One point of interest is the position of the camera - while most ‘phantom rides’ saw the camera strapped to the front of a train, thus featuring no visual representation of the means of transport, Méliès chose to position his viewpoint on top of one of the carriages looking ahead, the panorama occasionally obscured by smoke emerging from the engine and drifting across the lens. There’s a faintly clandestine and subversive feeling to this, since the position would only be adopted in real life by someone who for various reasons (dodging fares or officials) has opted to travel illicitly on the roof. Further interest and even a modicum of excitement is provided by the low bridges that the train passes under - at times, the camera seems only millimetres away from being knocked off.

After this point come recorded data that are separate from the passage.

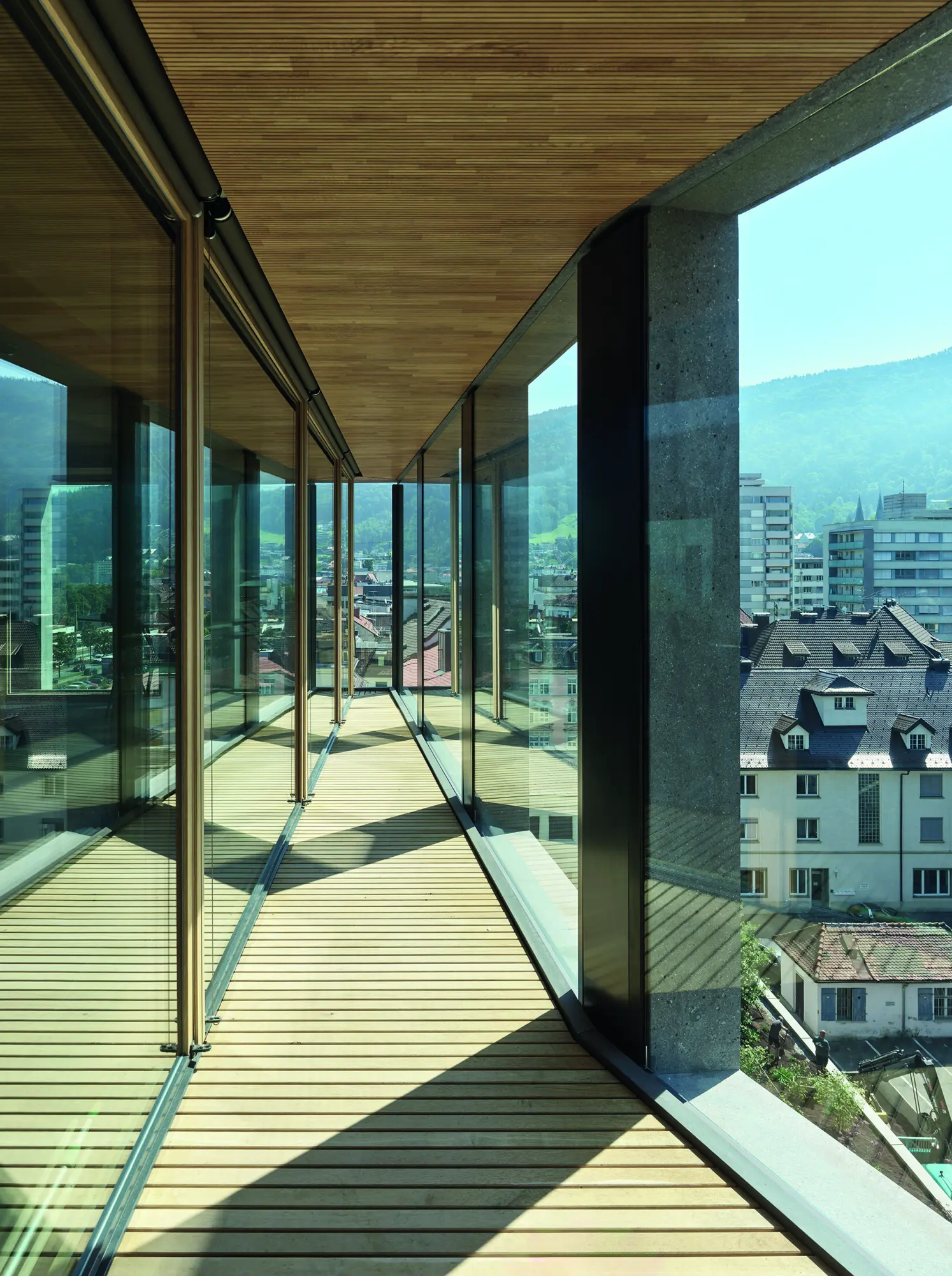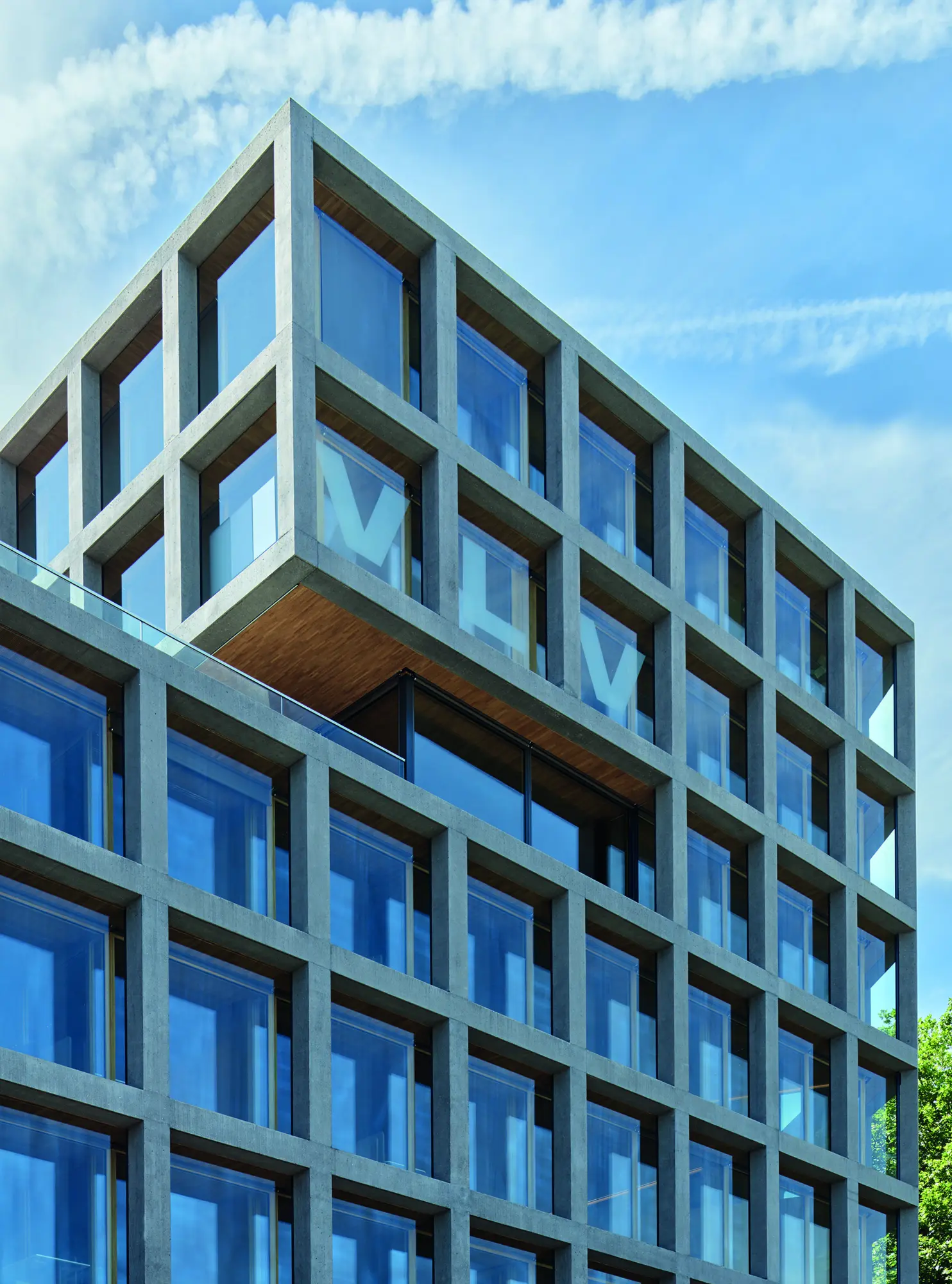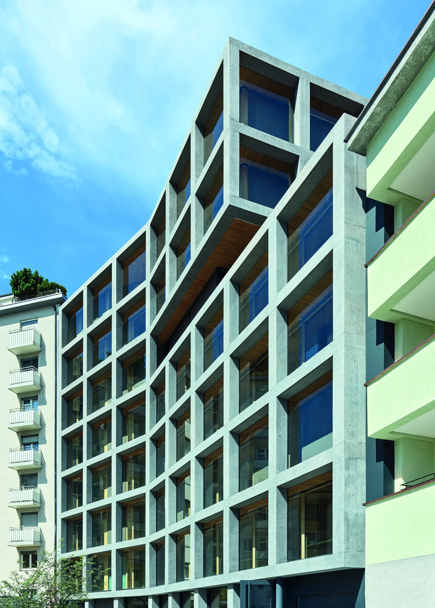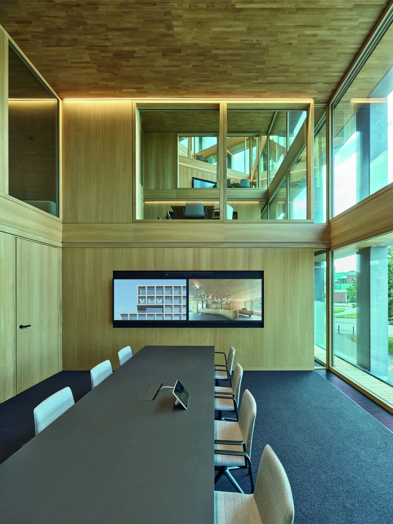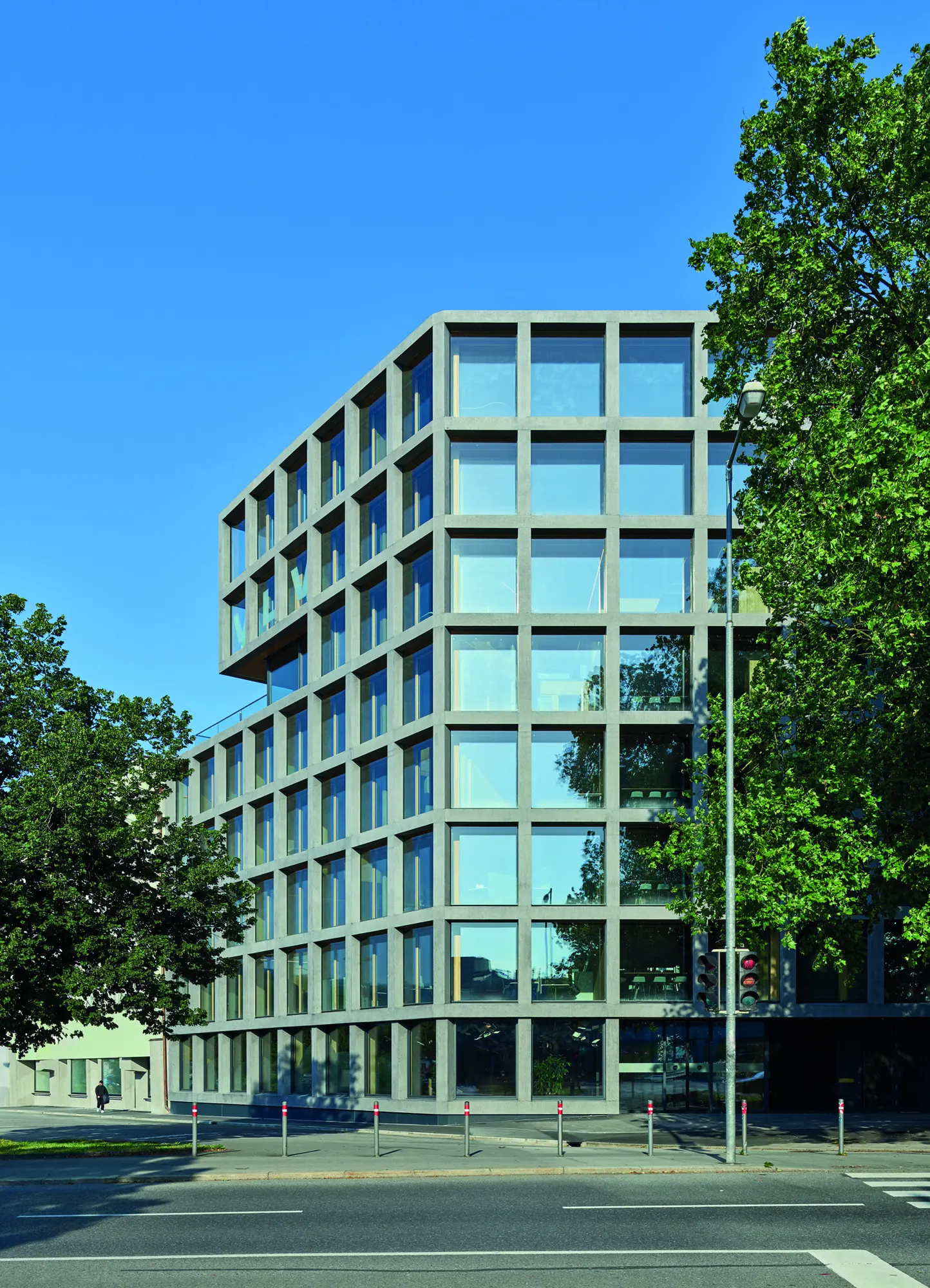 Von einem Vorplatz öffnet sich der Haupteingang, der unmittelbar in ein zum durchgrünten Innenhof offenen Foyer führt. Von hier aus breitetet sich je Geschoss ein offener Raum aus. Dem klar strukturierten nach außen gerichteten Grid aus schwarzem Sichtbeton folgt in selber Geometrie eine Prallglasfassade, die Leichtigkeit und Distanz zur Außenhaut ermöglicht. Der 80cm breite Fassadenzwischenraum sorgt für angenehme Konvektion, simple Konstruktion und Teilbeschattung der dahinterliegenden Räume.
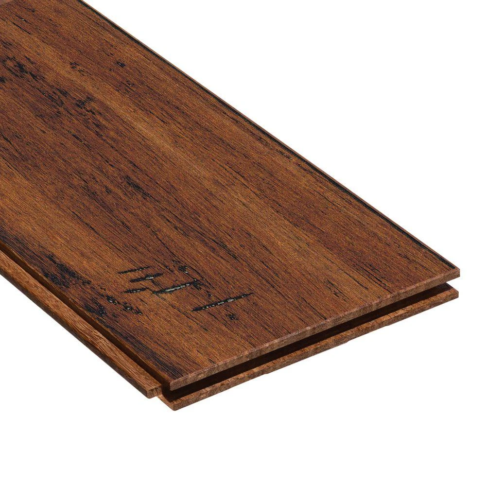 - Prefinished strand woven bamboo spice, medium color, hand scraped finish, FSC certified
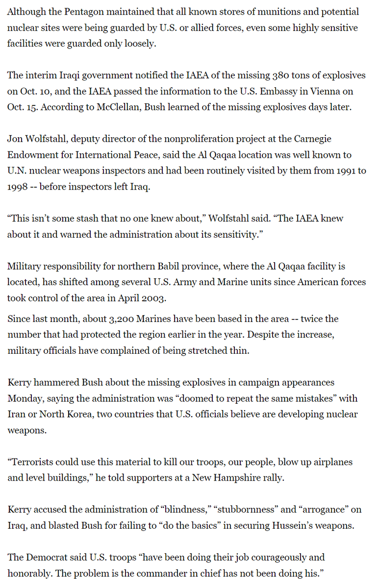 This quote specializes the Al Qaqaa site right after the “military” makes a strong argument against this. this undermines the credibility of the pro-IAEA standpoint. And then finally, we see the same narrative from Kerry -
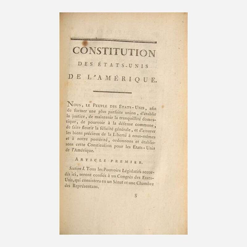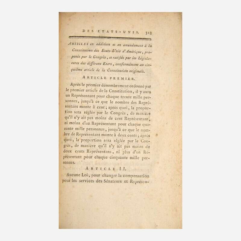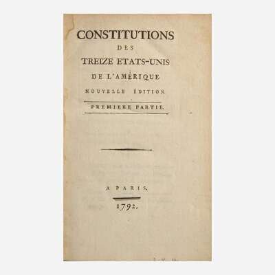 First published by the Duc de le Rochefoucault in 1783 at the suggestion of Benjamin Franklin, this second edition, published nine years later, reprints Rochefoucault's translation of the constitutions of the 13 United States, as well as other important documents from the founding of the US, including the Declaration of Independence, the Articles of Confederation, as well as various treaties and alliances. This second edition, published at the height of the French Revolution, was updated to print the newly enacted Constitution and Bill of Rights, and was likely very influential in French debates after the fall of the monarchy leading up to their second Constitution of 1793.
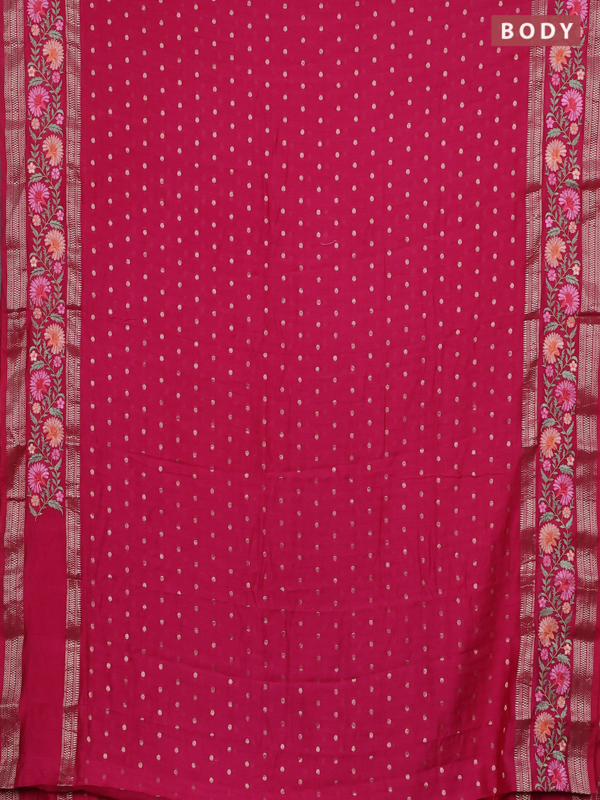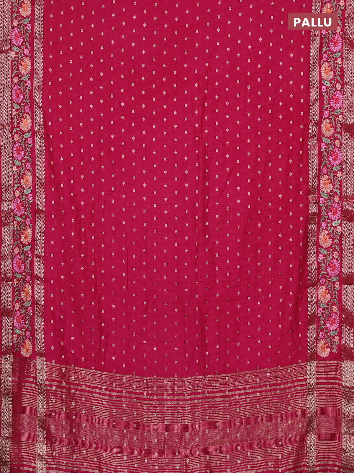 Semi chanderi saree pink with zari woven buttas and floral embroidery border
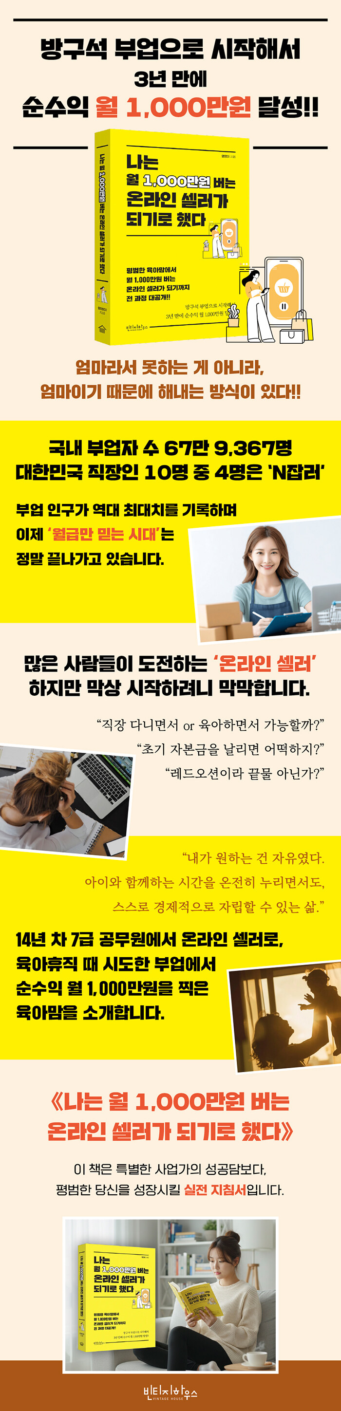 ¡¶³ª´Â ¿ù 1,000¸¸¿ø ¹ö´Â ¿Â¶óÀÎ ¼¿·¯°¡ µÇ±â·Î Çß´Ù¡·´Â Æò¹üÇÑ À°¾Æ¸¾ÀÌ À°¾ÆÈÞÁ÷À» ±âȸ »ï¾Æ ¿Â¶óÀÎ ¼¿·¯¸¦ ½ÃÀÛÇϰí, ¼º°ø°ú ÁÂÀý ³¡¿¡ ÀڽŸ¸ÀÇ ¿Â¶óÀÎ ÆÇ¸Å ³ëÇϿ츦 ±¸ÃàÇÏ´Â ¸ðµç °úÁ¤À» ´ã°í ÀÖ½À´Ï´Ù. ÀÌ Ã¥ÀÇ ÀúÀÚ´Â ¸»ÇÕ´Ï´Ù. ¡°¾ö¸¶¶ó¼ ¸øÇÏ´Â °Ô ¾Æ´Ï¶ó, ¾ö¸¶À̱⠶§¹®¿¡ ÇØ³»´Â ¹æ½ÄÀÌ ÀÖ´Ù!¡± ÀÌ Ã¥Àº °¡Á·ÀÇ Á» ´õ ³ªÀº »îÀ» ²Þ²Ù´Â À°¾Æ¸¾µé¿¡°Ô Èñ¸Á°ú ÇÔ²² ³ª¾Æ°¥ ±æÀ» ¾Ë·ÁÁÖ´Â ÀÛÀº ³ªÄ§¹ÝÀÌ µÉ °ÍÀÔ´Ï´Ù.
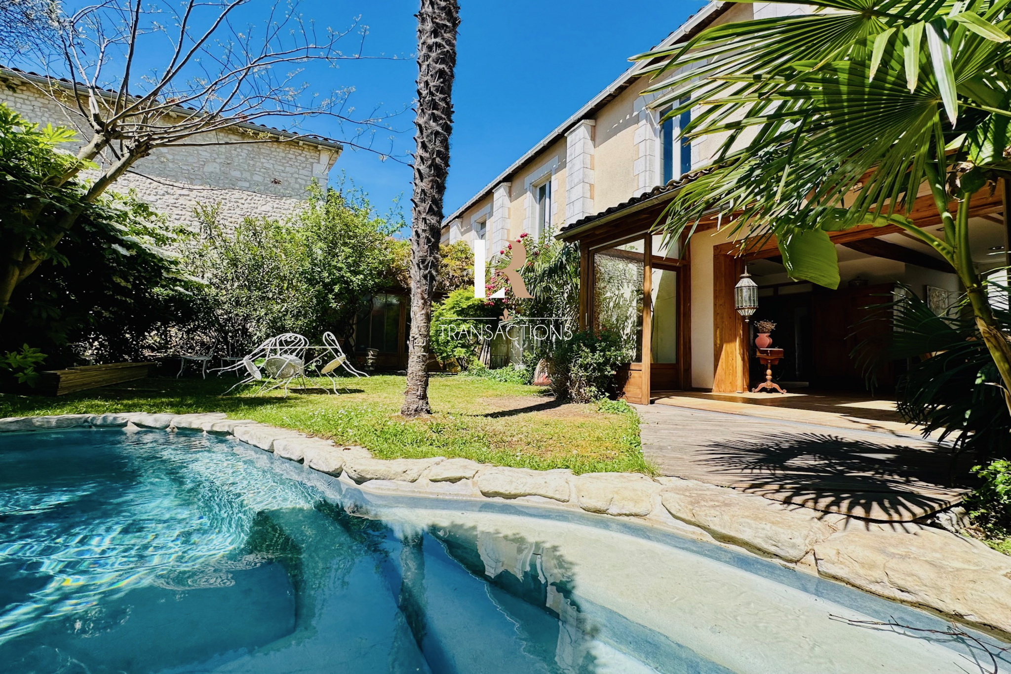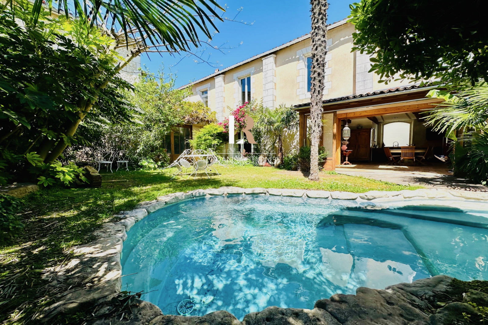 Côté extérieur, vous serez sous le charme de ce magnifique jardin arboréet sa pisicne en pierre, exposé Sud, cet endroit sera parfait pour profitez du climat rochelais, clos de murs en pierre et sans aucun vis-à -vis.
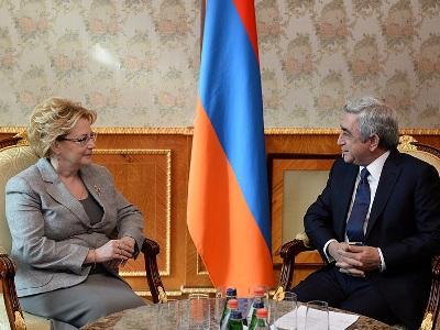 Президент Армении Серж Саргсян принял 8 ноября российскую делегацию во главе с министром здравоохранения России Вероникой Скворцовой, прибывшую в Армению для участия в первом армяно-российский здравоохранительном форуме.
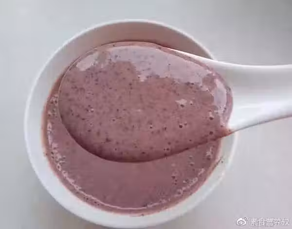 3、將煮好的黑米飯放在料理機,加入大棗丁和熱豆奶打成糊,即可享用,喜歡甜的可以再加入紅糖或冰糖。
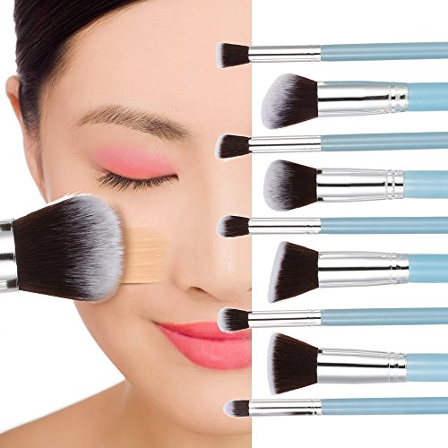 - [Elegante Diseño y Color azul]: El elegante equipo de brochas es perfecto para los artistas profesionales, así como los amantes y los principiantes del maquillaje
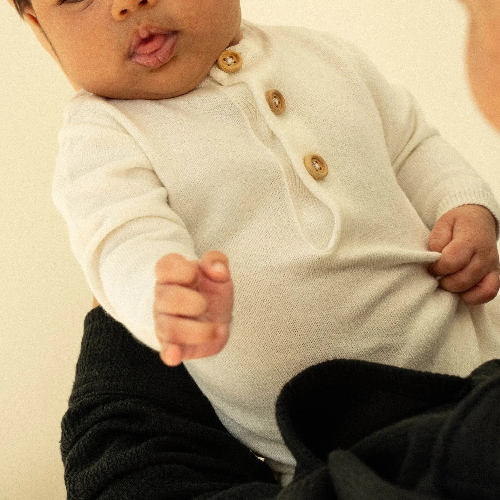 Get your little one ready for their closeup with the Riley Jumpsuit. This cozy onesie features long sleeves, a classic finished neckline, and a soft cotton knit texture, ensuring both comfort and cuteness. The wooden buttons complete the adorable look and make dressing a breeze. Machine Wash Gentle.
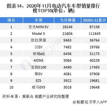 值得注意的是,2020年中国电动汽车品牌快速发展,其中比亚迪在高端电动汽车市场获得较好的口碑,上通五宏光自上市以来销量不断攀升,在经济车市场占据了主导地位。根据乘联会发布的11月销量数据显示, 2020年11月新能源汽车销量-EV销量排行榜中,宏光MINI EV销量为28246辆, 位居第一。
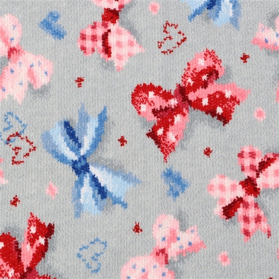 ドットやストライプ、チェックの可愛らしいリボンを全体にあしらった「ミルメルシー!」シリーズのハンドタオルです。小さなハートもちりばめて、愛らしい雰囲気に仕上げました。両端のライン使いもデザインのアクセントに。鮮やかなカラーリングも目を引きます。お部屋の雰囲気をぱっと明るくしてくれる、おすすめのアイテムです。
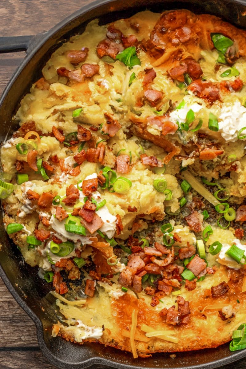 - Slice your green onions.Set aside.Dice up bacon.Fry up the bacon in your cast iron skillet (or whatever pan you are going to use for smoking the potatoes).Set aside bacon.We’ll use this same pan later to spread the mashed potatoes on.
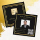 Ein klassischer schwarzer Hintergrund und Imitate goldene Rahmen. Personalisieren Sie Ihr Firmenlogo, Ihren Firmennamen und Ihren Text auf der Vorderseite. Zurück: Vorlagen für Ihren Namen, Titel, Foto, Telefonnummer, E-Mail- und Website-Adresse, QR-Code für Ihre Website oder Ihr Social-Media-Konto.

In Havana harbour, three men clad in cumbersome diving suits descend via rope ladder to the sea bed, where they begin to explore the wreck of the ‘Maine’. One enters the ship via a gash in its side and returns with the body of a drowned sailor. He is tied to a rope and hauled up. As one diver ascends the latter, another goes back inside the ship.
Méliès’ was one of many films made that year that exploited the tragedy: others include the American Mutoscope Company’s The Wreck of the ‘Maine’ and Divers at Work on the Wreck of the ‘Maine’, the International Film Manufacturing Company’s Battleship ‘Maine’, all of which appear to have been remade by Méliès, since his catalogue mentions these presumed-lost titles: The Battleship ‘Maine’ (Le Cuirassé Maine), The Cuban War and the Explosion of the ‘Maine’ in Havana (Guerre de Cuba et l’explosion du Maine à La Havane) and Visit to the Wreck of the ‘Maine’ (Visite de l’épave du Maine).